STÉPHANE BERGERON - Encore une fois, comme je vous le signalais, je n'ai pas vu le texte, et il est difficile pour moi de me prononcer, mais je tiens à préciser qu'on ne nous fera pas prendre des vessies pour des lanternes. Il est clair que ce qui est demandé par la Société nationale de l'Acadie, par le peuple acadien en général, c'est une reconnaissance des faits, une reconnaissance des préjudices causés au peuple acadien par la Couronne britannique. S'il y a cette reconnaissance, je ne puis qu'applaudir au fait qu'il y ait instigation d'une instauration d'une journée du Grand Dérangement.
MICHEL DOUCET - Le député Stéphane Bergeron du Bloc québécois. Marc Poirier a également voulu savoir ce que pense de cette nuance le président de la Société nationale de l'Acadie, Euclide Chiasson.

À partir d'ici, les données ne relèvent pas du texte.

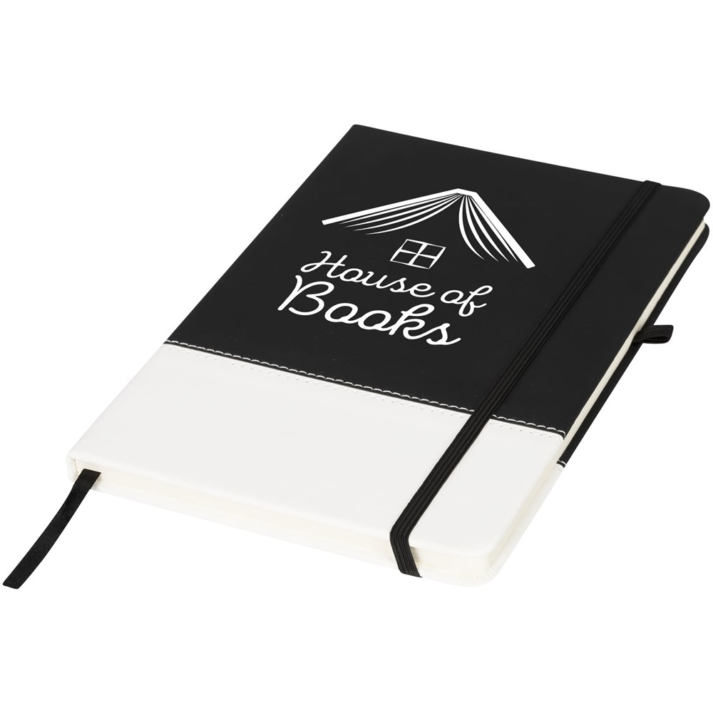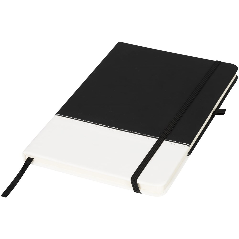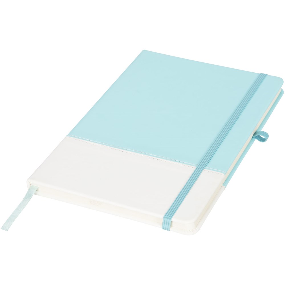 A5 Notizbuch mit zweifarbigem Farbblock-Cover. Enthält 80 Blatt (70 g/m²) liniertes Papier. mehr
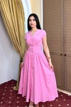 æ 3924-PEMBE POPLİN KUMAŞ KOMPLE DÜĞMELİ ELBİSE
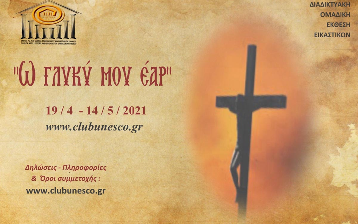 Ο Όμιλος για την UNESCO Τεχνών, Λόγου & Επιστημών Ελλάδος, συνεχίζει τη δημιουργία διαδικτυακών εκθέσεων στον καιρό της πανδημίας, διοργανώνοντας την 3η διορθόδοξη, ομαδική έκθεση εικαστικών – αγιογραφίας με τίτλο: «Ω γλυκύ μου έαρ». Η έκθεση θα φιλοξενηθεί ταυτόχρονα και διαδικτυακά στην ιστοσελίδα του Ομίλου, καθώς και στις σελίδες του στα δίκτυα Facebook και Youtube, από 19/4 ως 14/5/2021.
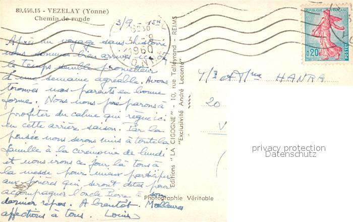 13586223 Vezelay Chemin de ronde postalisch gelaufen Erhaltung siehe scans [WerneD78] carte postale Wern Katcode 11170089289446

EUCLIDE CHIASSON - La signature à mon avis, elle va venir de la reine du Canada, pis elle ne signera rien sans l'avale du gouvernement canadien. Et c'est pour ça qu'on est rendu au Cabinet avec, ça ça prend, d'ailleurs c'était clair, la lettre que l'on a reçu de son secrétaire particulier, pis moi, je me dit si elle le signe au nom de la reine du Canada, parce que aujourd'hui c'est ça, alors qu'avant c'était autre chose, je n'ai pas de problème avec ça.
MARC POIRIER - Alors vous ne craignez pas que ce soit en fait le gouvernement du Canada qui pose ce geste et que la reine entérine en tant que reine d'une monarchie constitutionnelle du Canada plutôt que la Couronne britannique comme tel qui reconnaisse sa responsabilité morale pour la Déportation ?
EUCLIDE CHIASSON - Ben, je pense que c'est de la sémantique, parce que dans le fond la reine ne reconnaîtra rien sans l'avale du gouvernement canadien. La reine ne se prononcerait pas sur une question comme celle-là tant (sic), la seule voie, c'est celle que l'on a prise, c'est à dire qu'il faut que le gouvernement canadien prenne une position qui demande ensuite à la Couronne britannique. Si c'est la cas, disons si c'est une proclamation, qu'elle signe la proclamation tel que le Cabinet va l'avoir accepté.
MARC POIRIER - Donc, c'est un faux débat selon vous ?
EUCLIDE CHIASSON - Moi, je le crois.
MARC POIRIER - Pensez-vous que c'est parce que votre requête a été envoyée par l'entremise du bureau de la gouverneure générale du Canada que le bureau de la reine, le cabinet de la reine vous a répondu en faisant allusion aux besoins d'obtenir l'opinion de ses ministres canadiens avant de prendre une décision?
EUCLIDE CHIASSON - Ben, je ne crois pas. C'est tout simplement…, nous autres on a utilisé cette voie là parce que c'était la voie tout indiquée là. Mais moi je pense, c'est eh-eh-eh. Disons, si vous écrivez demain matin à la reine d'Angleterre pour une question comme celle-là, pensez-vous quelle va vous répondre en tant…(sic), sans faire une consultation, sans avoir l'avale du gouvernement, en parle, on est dans une monarchie constitutionnelle. Toutes les décisions sont, au niveau du Cabinet, au niveau du gouvernement. Le reste c'est-c'est-c'est vraiment du protocole. Pis, c'est ça qu'on veut, on veut une reconnaissance officielle de la couronne. Sinon, imaginez-vous s'il fallait que la Couronne britannique commence à faire des déclarations ici et là sur des questions qui touchent la souveraineté des pays. Ça ne marcherait pas.
MICHEL DOUCET - C'était le président de la SNA, Euclide Chiasson.